He saw cool waters gleaming, and a sweet green oasis

 

Spencer, 44

Incarcerated: 6 years

Housed: Texas Department of Criminal Justice, Hightower

 

Love’s Mirage

 

Midway upon the route, he paused a thirst

And suddenly, across the wastes of heat

He saw cool waters gleaming, and a sweet green oasis

Upon his vision burst

A tender dream, long in his bosom nursed

Spread love’s illusive venture for his feet

The barren sands changed into golden wheat

The way grew glad that late had seemed accused

She shone, the woman wonder on his soul

The garden spot for which men toil and wait

The house of rest that is each heart’s demand

But when at last he reached the gleaming goal

He found oh cruel irony of fate

But desert sun upon the desert sand

This is love’s mirage

 

Sirrel, 39

Sirrel, 39

Meet Sirrel…

“I felt the weight of sin and the death that lies in this body.”

Sirrel, 39

Incarcerated: 9 years

Housed: San Quentin State Prison

These are true events that have taken place in my life. When I was arrested, I was teased until my kidneys failed. At this point, I felt my soul leave my body and thought I was going to hell. All I was able to do was say, “Jesus forgive me.” At that point, I woke up in the ambulance for a brief second and then I passed out again. Now I’m in prison and I hear chatter on the tier about this book called, “Heaven is For Real”. Before I read the book, I was discrediting the kid’s story until I had an outer-body experience. In 2015, I was meditating and reading Corinthians 12:1-7, where Paul was talking about an outer-body experience. Things only happened back then. At this point, I was feeling unworthy of God’s love and forgiveness. Then I was asleep and out of my body; I was in “Heaven”. I couldn’t see the children but I could hear their laughter. I had seen a table with a beautiful tablecloth, a reef, and God was saying that I was welcome to come home. And then I woke up. I felt the weight of sin and the death that lies in this body. When I was in heaven, I felt so secure, so loved, and without a worry in the world. So I cried out to my spirit, “Why? Why must I come back?” 

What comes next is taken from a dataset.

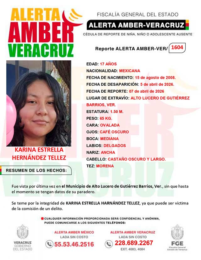 El programa Alerta Amber Veracruz, agradece su colaboración e informa la activación de la ALERTA AMBER- VERACRUZ 1604 por Karina Estrella Hernández Téllez de 17 años de edad
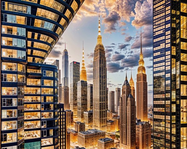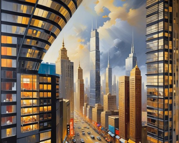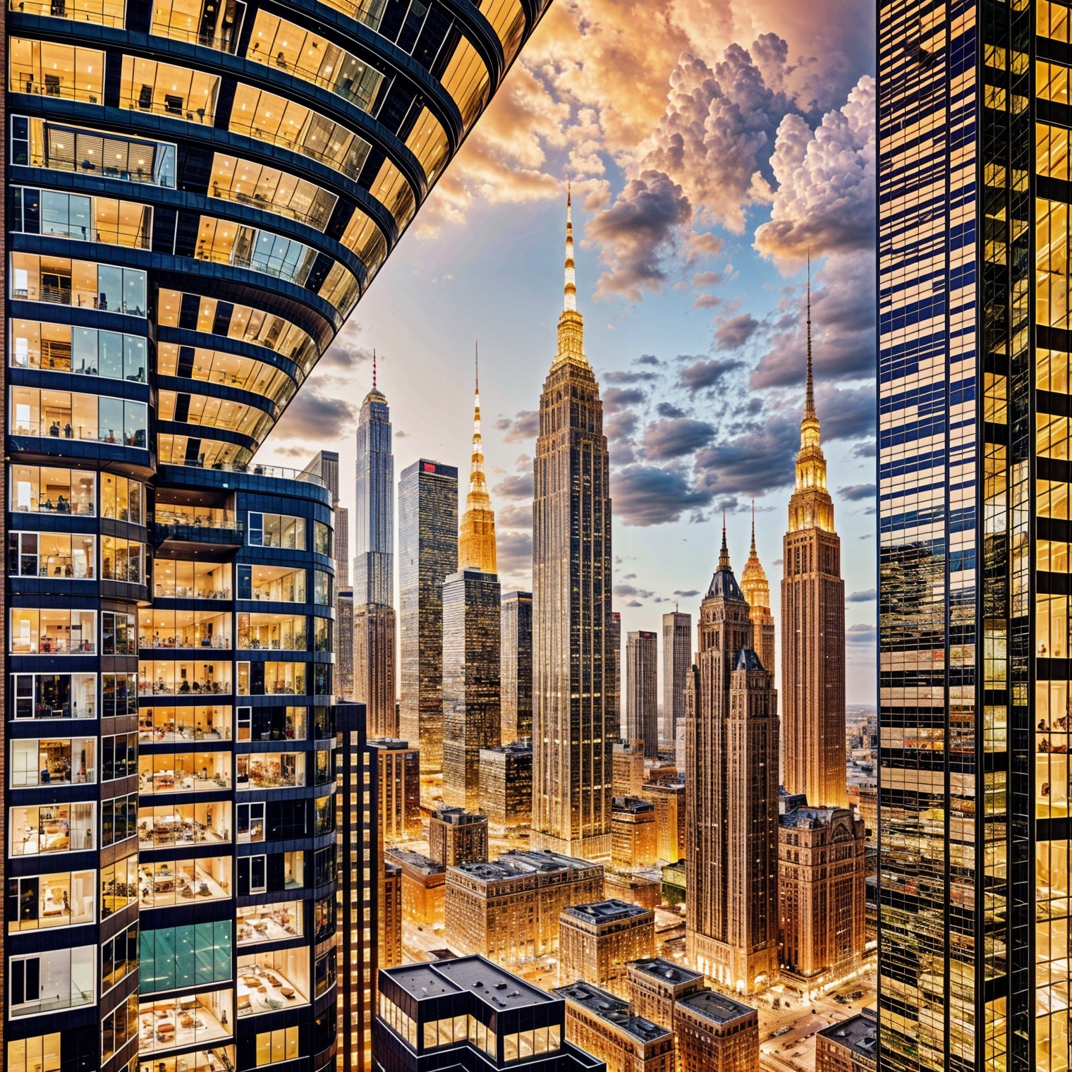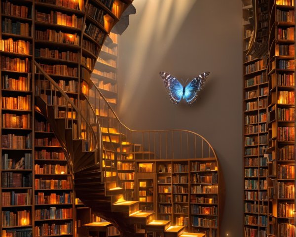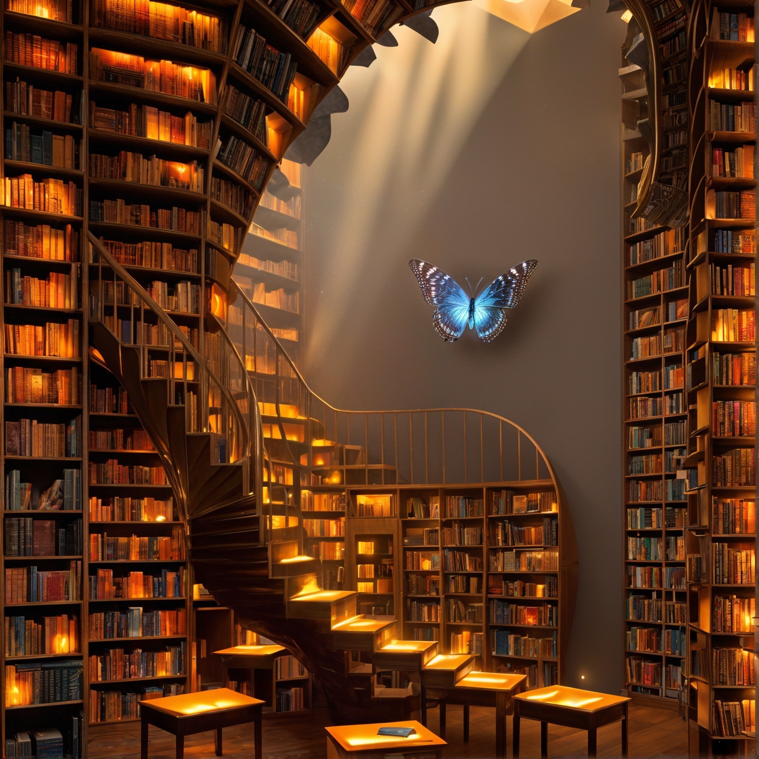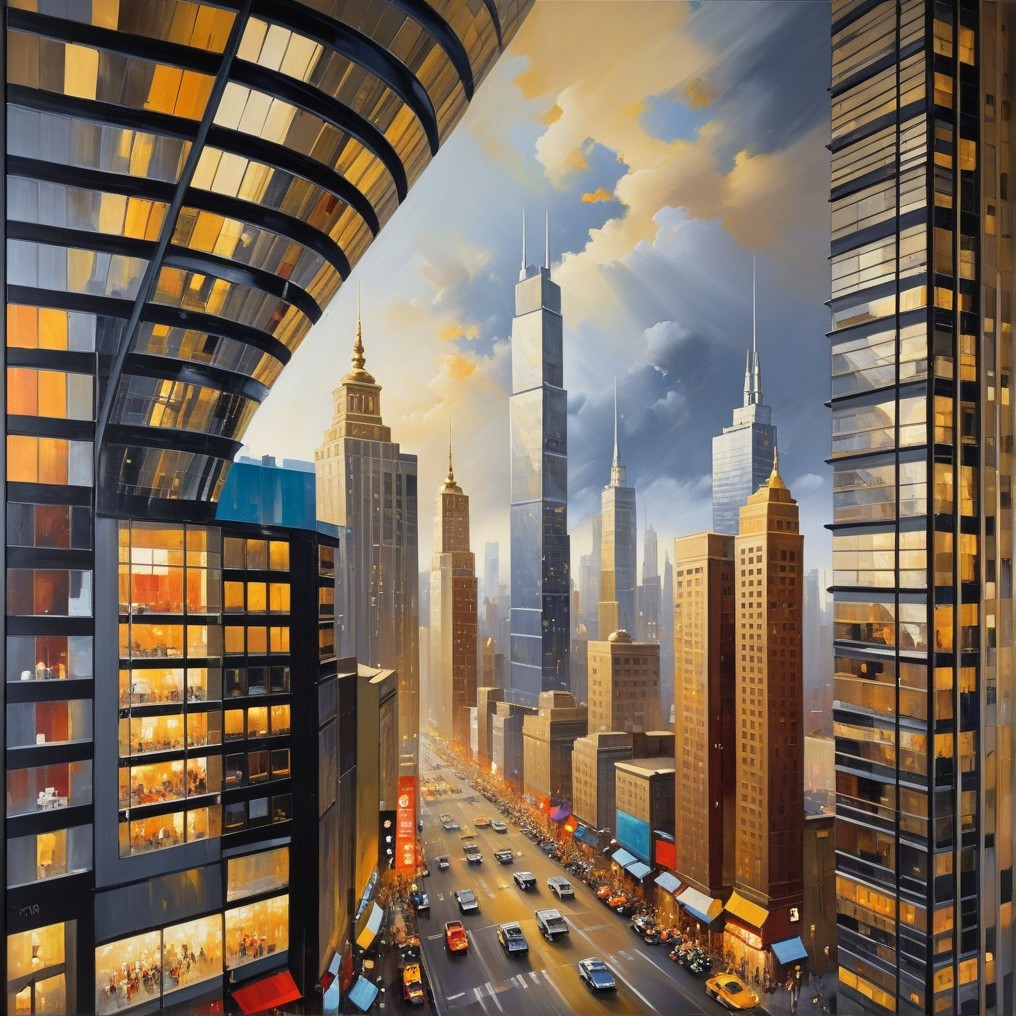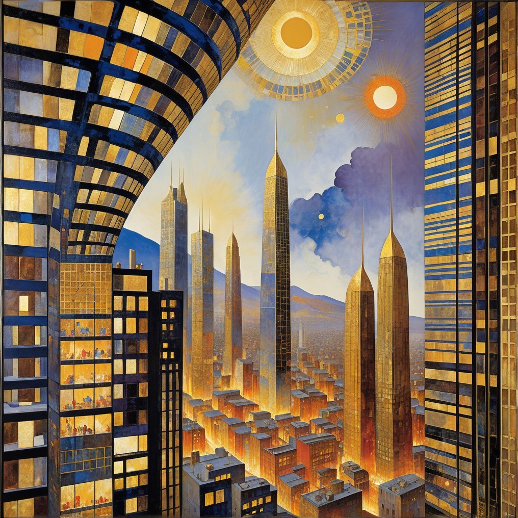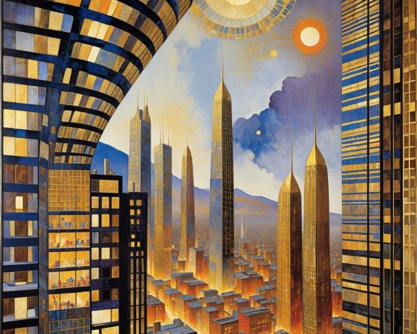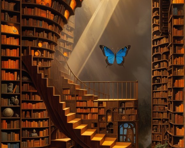 The artwork depicts a surreal, moody cityscape at night, featuring twisting staircases, unique architectural structures, and a large moon illuminating the clouds above, creating a dreamlike atmosphere.

These were the two messages: Never discredit someone’s story when you don’t know what has transpired in their life. And God said, “I send no one to hell, people choose hell by rejecting Jesus.”

I have been to Heaven, 

I had an outer-body experience, and I didn’t want to come back to this world! 

 

Michael, 44

Michael, 44

Michael

Meet Michael…

I was a troubled kid and had experienced too much hurt and seen too many disappointments to give or receive love properly. Once I really found love, it would eventually lead to my incarceration.”

Michael, 44

Incarcerated: 23 years

Housed: Sing Sing Correctional Facility, Ossining, New York

I ended up meeting a woman who was willing to let me live with her, under one condition; that I break up with Rose. Looking back now, I know the smartest thing to have done, would’ve been to tell Rose the truth of my plan rather than have her really believe I was breaking up with her. Especially when I had already proposed to her. Thinking back now, I’m really seeing how stupid and idiotic my plan was. Especially with someone like Rose. I was far from being a man back then, so I ended up going with my foolish plan and all hell broke loose. Events led to me being jumped by Rose, her mom and Rose’s step-sister; and even then I did not hit anyone. Rose was now 4 months pregnant at the time. When I tried to leave the scene, Rose grabbed me and wouldn’t let go, nor would anyone help me get her off me. Everyone just watched, friends, neighbors, everybody. I just wanted to leave, because I knew the cops were already out looking for me because of the fight Rose and I had earlier at her mom’s house. Rose had destroyed the woman’s car that I had driven over there, and I threw a car-jack through her house window in return. It was pure chaos earlier that day, but now all I wanted to do was get Rose to let me go without hurting her or the baby. I thought if I pointed my gun at her it would scare her into letting me go. That didn’t work. It just made her madder, and she started pushing and pulling on me. All I heard was the gun go off. I couldn’t believe it as I watched her body collapse in front of me. It was only when I got away from the crowd that I cried like I did the night I nipped her on the chin. I call this story “Unspoken Love”, because I never told Rose I loved her. This is a pain I have carried for a long time. If I had just been honest with her about my reason for needing to pretend that I broke up with her, if only I had told her how much I loved her. If only I could go back in time. If’s- have become the eternal burden I carry. Three lives were lost that day though the world only counted two. Rose, my son, and me.